仍旧隐身的瞿白鹿即刻挥手将他们随身携带布包里的纸张和笔墨施法抽出,按顺序放在他们的座位上。
秋寒的冷汗冒了出来。因为他知道,能这么做的人只有一个。
众小童接近椅子之后就被瞿白鹿施法定在了上面,除了手能动,眼能动,其他皆不能动。
秋寒即便再蠢也知道是怎么回事了,更何况平日里最精的就是他。瞿白鹿在心底对他道:“小儿无知,你亦无知。”
秋寒喏喏不敢言。
白鹿隐着身形,抓住他的手工工整整的书写。从秋寒心里可以看出学过的内容,不过是金木水火土连带今天刚学的雷咒,太过简单。
瞿白鹿把着他的手写完了几个,然后抓着他的手把字往后方一块整洁的石壁上一贴,秋寒的骨头响了一声,眉头皱到了一处,不过还好,只是磕着了石头,并未伤筋动骨。
白鹿松开他的手,一边用随身香囊里带着的永寒洞内的冰水浸湿了帕子擦手,一边仍在心内对他道:“在旁边写上”工整抄录“之字样,你这一众什么时候练成了字,什么时候再出去,出去后自去找卫琉知请罪。
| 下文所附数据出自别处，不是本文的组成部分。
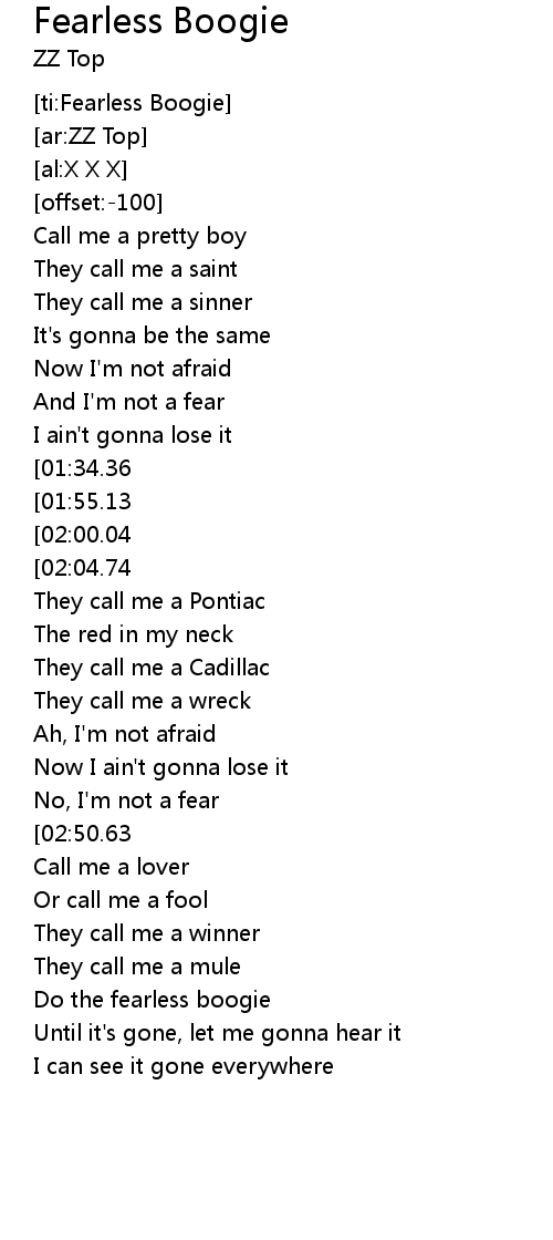 | [00:49.13][01:55.13] | To do the fearless boogie |

小童们自然是听不见的,只看了面色煞白的秋寒颤颤巍巍的在黄绸缎边上写了”工整抄录“的字样。
秋寒是再不敢乱写旁的了。
众小的们还以为是秋寒发了怒,也不知怎么着就变了脸了,一个个的忙低了头,老老实实的写着黄绸缎上所书的学过了的几个符咒。
白鹿出了洞府后,转回身用手在截魄冰外写了个咒诀,他们若是不练好,只怕此生都出不来了。
秋寒面色尴尬,也不瞧底下一众小童了,顺手抓过身边的两打纸,一笔一划的也开始做自己的练习。
瞿白鹿也曾想过会有这样的情况出现,所以当时并未动怒,即便是真恼了在众人面前也要给秋寒留下脸面来,尤其是在一众小童面前。罚了他又能如何?难保下一个两个不同他一般,若真是聪明人提个醒儿也就罢了,难不成还真去和他们这些小辈闹出一场是非来?
她闭上眼睛叹了口气,心内道:也好,趁此机会瞧瞧你们平日的样子。
当下她仍旧隐去身形,慢慢踱步往其他几个洞府去了,尤其是十二楼那里,想来一众天狐们也未离去,此时正好瞧瞧瞿晓教导的怎么样了。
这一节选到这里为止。